PS. По неясным причинам покинув штат Китона в начале 1925 года, Брукман работал гэгменом на студии Мака Сеннета и у Гарольда Ллойда, однако продолжал общаться и сотрудничать с бывшим боссом. В 1926 году Клайд сделал свой, возможно, главный вклад в историю кинематографа, прочитав и подсунув Бастеру книгу Уильяма Питтенджера «Великая локомотивная гонка», которая через год стала «Генералом». Китон позвал Брукмана участвовать в съемках в качестве гэгмена и ассистента, но поскольку сам Клайд хотел перейти от работы гэгмена к режиссуре, вписал его в итоговые титры как полноценного соавтора и сорежиссера, чем запустил ему достаточно успешную режиссерскую карьеру. Позже Бастер и Брукман работали вместе над «Кинооператором», звуковыми короткометражками «Коламбии» и телешоу Китона в 50-х, и по-прежнему проводили свободное время за игрой в бридж.
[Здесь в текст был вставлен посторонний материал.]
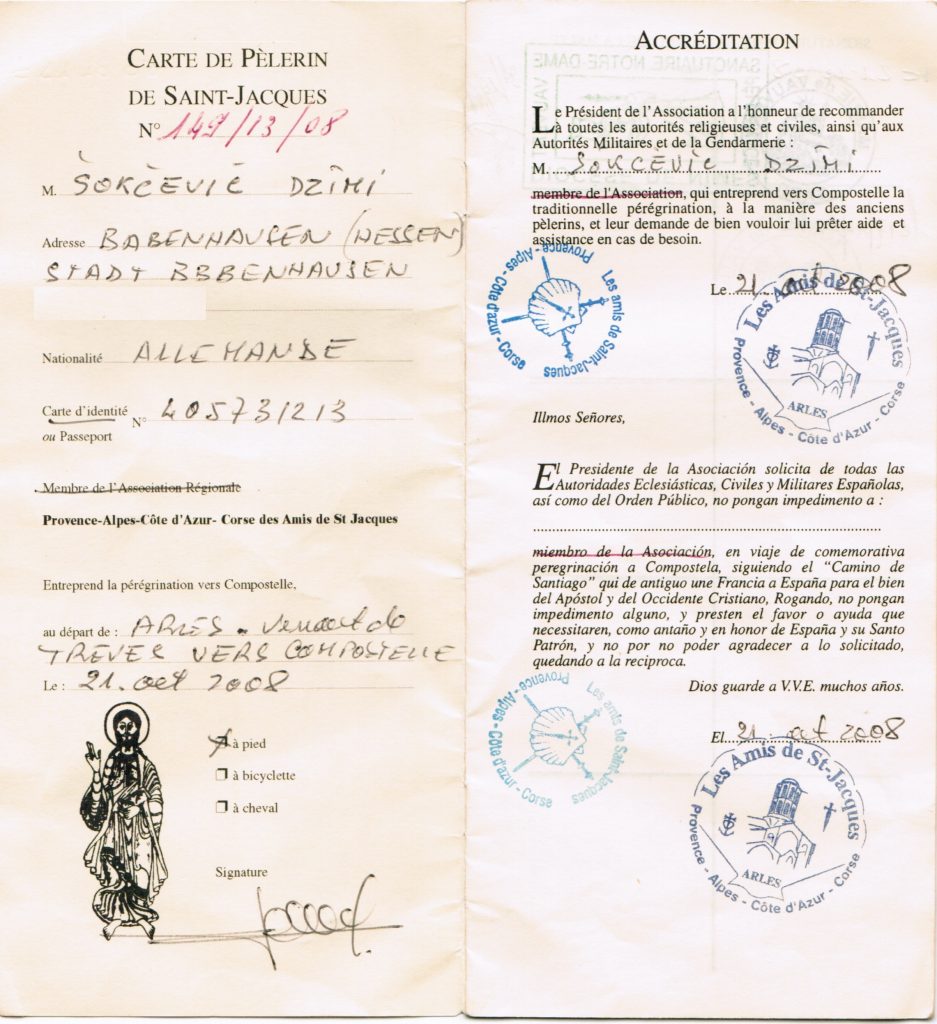 Den Jakobsweg habe ich neuerlich ab Avignon fortgesetzt (2021) mit Stand Etappe 4 von 5 noch ca. 198 km bis Santiago de Compostela.
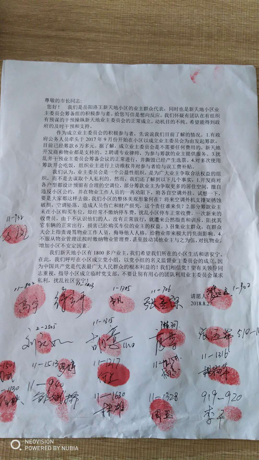 洛王新天地小区位于冷水铺路与洛王路交汇处,目前已基本入住,共有住户1800余户。裴先生反映的情况基本属实。关于有政府公务人员发动筹款的情况,该问题属于个人行为,并非政府行为,对筹款没有强制性要求,完全由居民自愿。在洛王办事处得知情况后,立即告知筹款发起人,务必将财务公开,如利用筹款谋求私利,将上报纪检部门依法处理;关于空调外挂的现象,已由洛王办事处安监站联合城管部门上门进行劝导,如不能消除安全隐患,将采取强制执法行动;关于目前物业管理的问题,据调查了解,物业管理公司和部分业主就小区管理方面存在意见分歧;关于成立小区党小组的问题,目前已安排专人进行党员信息摸底,拟将成立党小组,以加强小区的安全稳定和管理。新天地小区属地主管单位洛王街道办事处认为:小区存在诸多矛盾,且小区业主委员会应当代表大多数业主的利益,应当尽快成立业主委员会并设立党小组。目前,洛王办事处正在积极协调推动成立业主委员会,待党员信息摸底工作完成后,依法依规成立党小组。

Судьба Брукмана сложилась трагически. После «Генерала» он был режиссером у Монти Бэнкса, Лорела и Харди, У.К. Филдса и Гарольда Ллойда. К сожалению, в начале 30-х после внезапной смерти жены от осложнений аппендицита Брукман, как и его бывший босс, принялся отчаянно пить. В результате еще через пару лет его режиссерская карьера завершилась, и он вынужденно вернулся к работе гэгмена. Здесь, однако, его подвело давнее и пагубное пристрастие к переработке старого материала. В 1945 году Гарольд Ллойд подал на компанию Universal и лично Брукмана в суд за плагиат гэгов из его фильмов и выиграл дело, получив куда меньше требуемых $1 700 000, но при этом окончательно испортив Брукману репутацию. Ему все труднее было искать работу, и в январе 1955 года, измотанный безденежьем, алкоголем и депрессией Брукман занял у Китона револьвер под сомнительным предлогом самозащиты в поездке (или, по другим версиям, еще более сомнительным предлогом охоты) и застрелился в ресторане Санта-Моники, оставив аккуратную записку с пояснениями.
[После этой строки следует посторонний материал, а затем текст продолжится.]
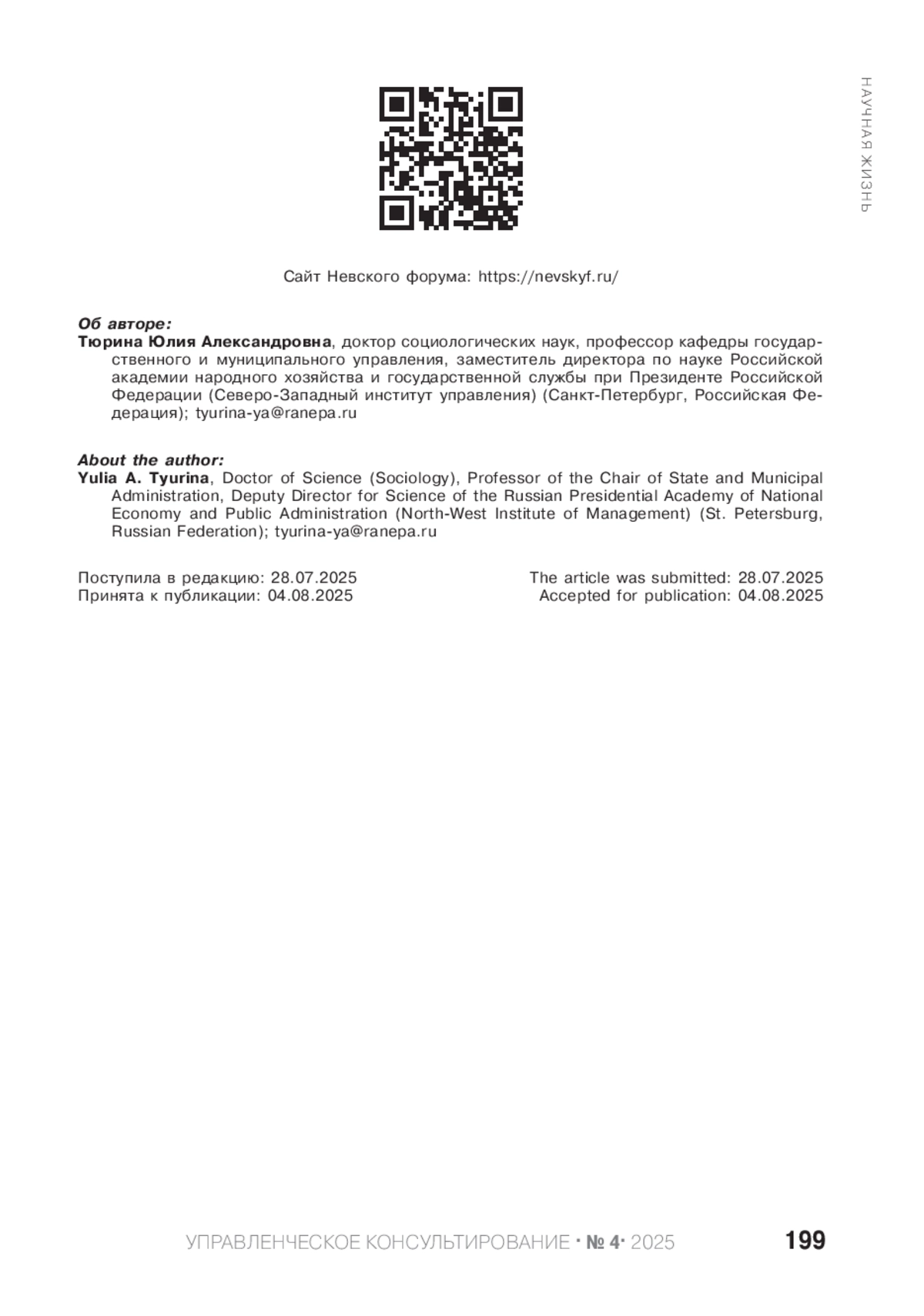 Для цитирования: Хлутков А. Д. Особые условия СВО и реконструкция системы государственного управления. Управленческое консультирование. 2025;(4):8. EDN: KDHYXY

Более подробно о судьбе Брукмана можно прочитать в замечательной статье Мэтью Дессема на dissolve.com.

Примечания

  1. Брукман работал гэгменом в команде Китона с 1921 года (первой короткометражкой, в создании которой он принимал участие, стал «Театр»).
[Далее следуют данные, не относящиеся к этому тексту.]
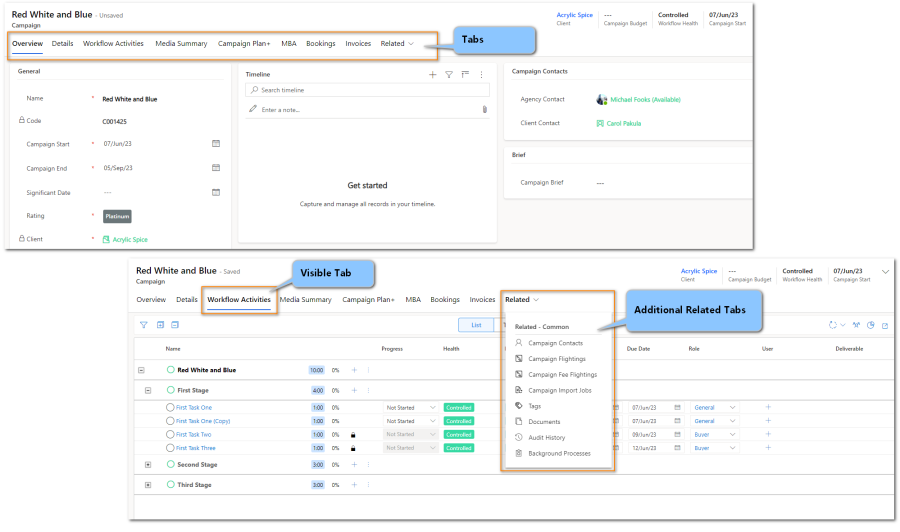 When a record is displayed, some information may be grouped into Tabs. These are mostly used for Campaign and client records, as well as for some administration settings.

  2. Безумно популярная собака-кинозвезда с очень интересной историей.
  3. Жан Хейвез, выходец из водевиля, работал гэгменом и сценаристом сначала в некоторых фильмах Арбакла, потом у Ллойда, а позже — в полнометражных фильмах Китона от «Трех Эпох» до «Семи шансов». В январе 1925 года он ушел обратно к Ллойду, а в феврале скончался от сердечного приступа.
  4. Брукман, вероятно, все-таки скромничает. По крайней мере, сам Бастер, когда бы его об этом не спрашивали — что в 1920-х, что в 1960-х, всегда называл его и Митчелла своими лучшими гэгменами.
  5. В бейсболе левый филдер — игрок первой линии, занимающий позицию в левой части игрового поля. Сам Китон обычно играл шорт-стопом и находился непосредственно за левым филдером.
  6. Эдвард Фрэнсис Клайн — ветеран студии МакСеннета, постоянный актер и сорежиссер Китона во всех короткометражных фильмах, кроме «Козла отпущения», «Кузнеца» (там сорежиссером был Мал Сент-Клер) и «Любовного гнездышка» (тут Китон вроде бы справился в одиночестве, но это не точно), а также полнометражного фильма «Три эпохи». Работал с Китоном и в эпоху звукового кино, например, Китон снимался в фильме Клайна «Её по-прежнему преследует негодяй» (1940). В самостоятельных фильмах Клайна трудно найти что-то, присущее короткометражкам Китона, поэтому утверждение Брукмана звучит правдоподобно.
  7. Хотя в целом фильмы Китона действительно ориентированы на стандартную скорость воспроизведения, по мере художественной необходимости он часто использовал и замедленные (дающие эффект ускорения) и ускоренные (дающие в итоге эффект слоу-мо) съемки. На канале silentfilmspeed есть прекрасная серия роликов об использовании Китоном разных скоростей в короткометражке «Козел отпущения».